Your assignment — Output all the data exactly. Pictures do not belong in the copy.

Collected data —
== Segment start ==
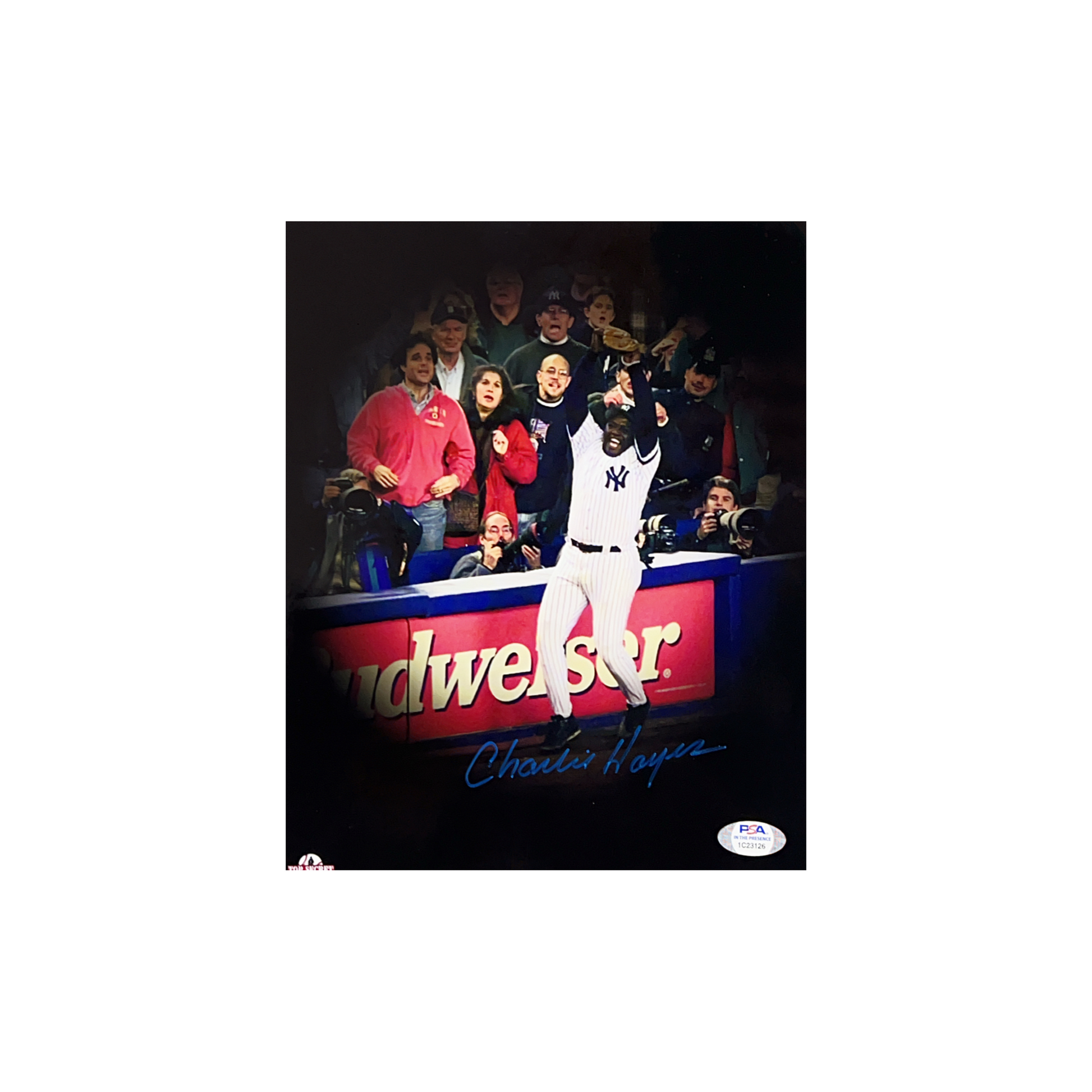 This is a 8x10 photo that has been hand signed by Charlie Hayes. This item has been certified authentic by Professional Sports Authenticator (PSA) and comes with their tamper-proof sticker that can be verified on https://www.psacard.com (https://www.psacard.com/).
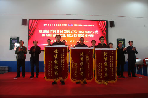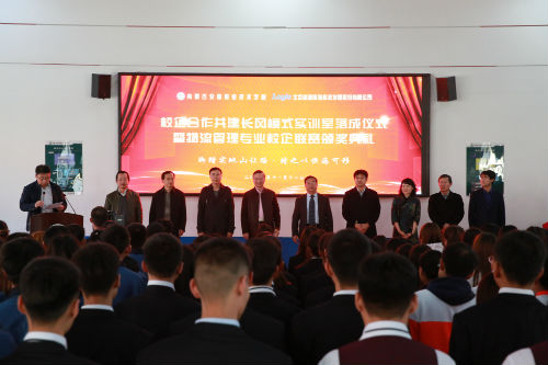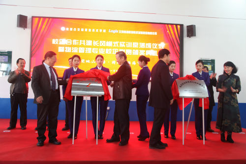 在热烈的气氛中,刘玉海副秘书、恽绵副会长、张晓梅副总裁、尚庆华院长为校企合作共建长风模式物流实训室的落成揭牌。
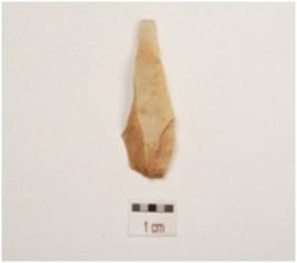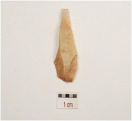 | Description / विवरण | Chert blade with a ridge on dorsal side, striking platfrom diffused bulb on ventral side, broken along at distal end and use wear marks on cutting edge. |
== Segment end ==
Task result —
 This is a 8x10 photo that has been hand signed by Charlie Hayes. This item has been certified authentic by Professional Sports Authenticator (PSA) and comes with their tamper-proof sticker that can be verified on https://www.psacard.com (https://www.psacard.com/).
 在热烈的气氛中,刘玉海副秘书、恽绵副会长、张晓梅副总裁、尚庆华院长为校企合作共建长风模式物流实训室的落成揭牌。
 | Description / विवरण | Chert blade with a ridge on dorsal side, striking platfrom diffused bulb on ventral side, broken along at distal end and use wear marks on cutting edge. |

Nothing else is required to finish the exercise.